• WORK TO COMPLETE:
Return the data below exactly, minus the pictures.

• PROVIDED MATERIAL:
* * *

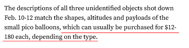 实际上,“航空周刊网”称,美军最近击落的三个飞行物,从其描述的形状、高度和载荷来看,都更符合小型民用气球的特征。
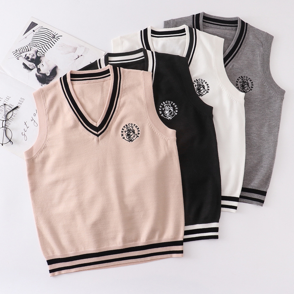 남녀공용 더블라운 큐티베어 자수 브이넥 니트조끼
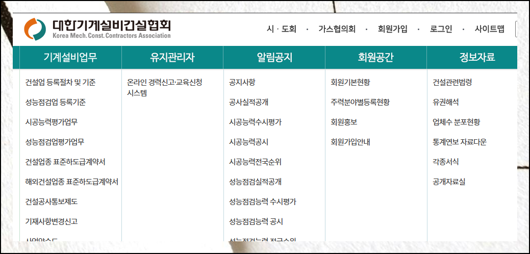 웹사이트 상단의 '자료' 항목을 선택하시면 건설업종과 해외건설업 표준 문서 옵션이 표시됩니다. 직접적으로 '민간건설공사'라는 명칭은 없지만, 이 경로를 통해 필요한 계약서 양식에 접근하실 수 있습니다.

* * *

• RESULT OF THE TASK:
 实际上,“航空周刊网”称,美军最近击落的三个飞行物,从其描述的形状、高度和载荷来看,都更符合小型民用气球的特征。
 남녀공용 더블라운 큐티베어 자수 브이넥 니트조끼
 웹사이트 상단의 '자료' 항목을 선택하시면 건설업종과 해외건설업 표준 문서 옵션이 표시됩니다. 직접적으로 '민간건설공사'라는 명칭은 없지만, 이 경로를 통해 필요한 계약서 양식에 접근하실 수 있습니다.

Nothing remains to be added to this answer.